Room Description: Taw

Overview
A really charming room on the first floor with a corner window overlooking the Mill End garden. The room has a double bed and a comfortable armchair by the corner window. The bathroom is spacious with a large bath fitted with a shower.
Room Amenities and Facilities
> Room type: Standard Double
> Garden Wing, first floor
> Corner window with views across the rear garden and towards the leat
> Double bed
> Ironing board and iron
> Tea and coffee making facilities (with fresh milk if you prefer)
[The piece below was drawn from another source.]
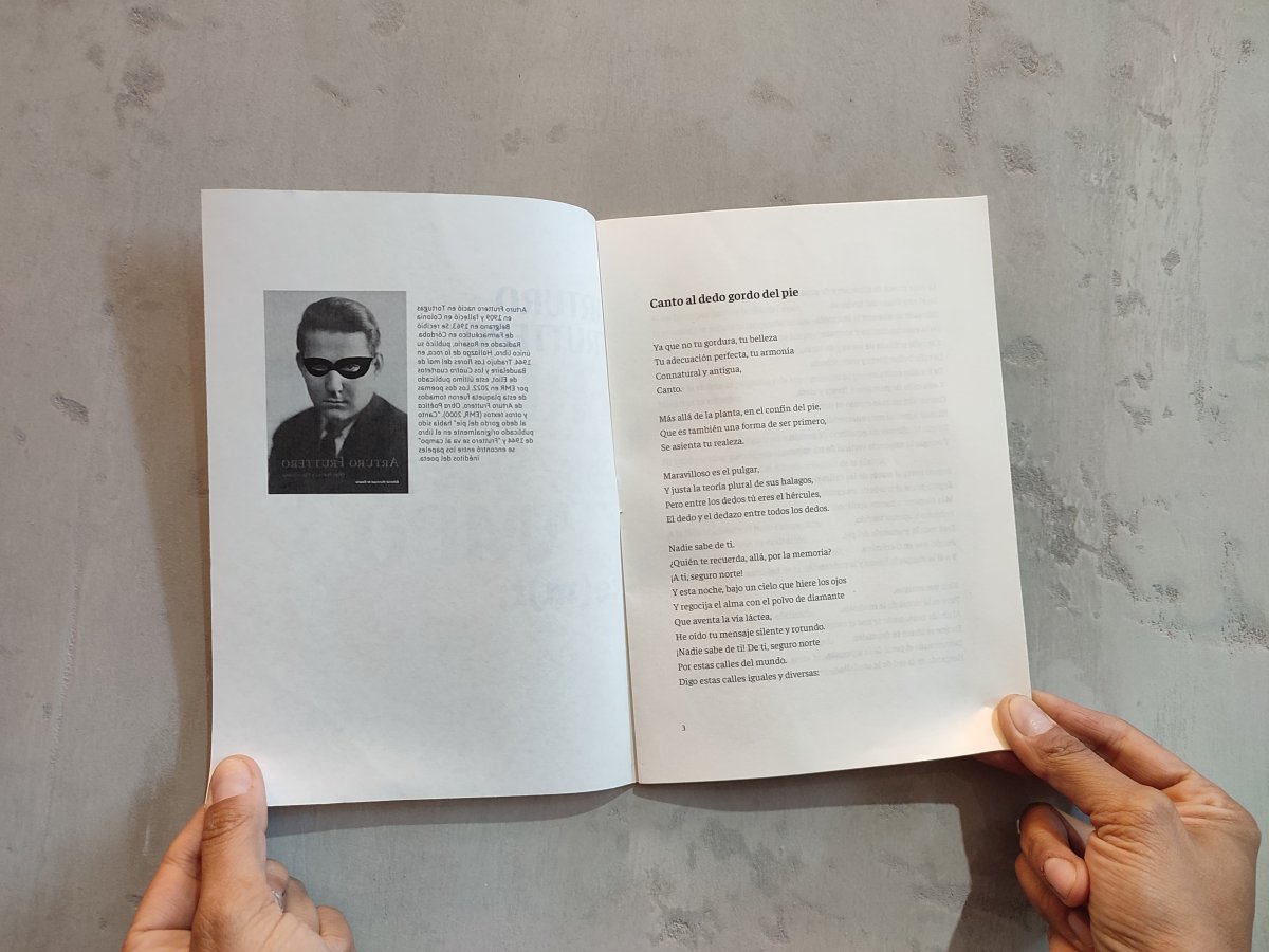 Este poema integra, junto a "Fruttero se va al campo", una plaqueta de doble entrada. Los dos poemas fueron tomados de Arturo Fruttero. Obra poética y otros textos (EMR, 2000). "Canto al dedo gordo del pie" había sido publicado originalmente en el libro de 1944.

> Home made biscuits on arrival
> Room service (not 24 hours)
> Flat-screen LCD television (some of our TV’s have an integrated DVD player, although this can’t be guaranteed)
> Direct-dial phone
> En-suite with bath and shower
> Luxury toiletries from White Company – shampoo, conditioner, bath gel and body lotion
About the River Taw
All our rooms are named after Dartmoor rivers.
Unlike most of Devon’s rivers, the River Taw runs broadly north rather than south. It rises at Taw Head, a spring on the northern edge of Dartmoor, and after 45 miles joins the open waters of the Bristol Channel just downstream of the North Devon market town of Barnstaple.
Close to its source, not far from Mill End, the Taw (which is just a stream at this stage) gives its name to the villages of South Tawton and North Tawton – the latter being the adopted home town of late Poet Laureate Ted Hughes.
The Taw’s most striking character is found in its lower reaches, where the river widens dramatically as it passes through Barnstaple, and where daily tidal variations of up to 6 metres are common. Just before entering the Bristol Channel, the Taw flanks Braunton Burrows, an enormous area of spectacular sand dunes which has been designated both a Unesco Biosphere Reserve and a Special Area of Conservation.
The lower reaches of the Taw can be enjoyed from the Tarka Trail, a 30 mile long cycle trail which uses the old railway track-beds of North Devon.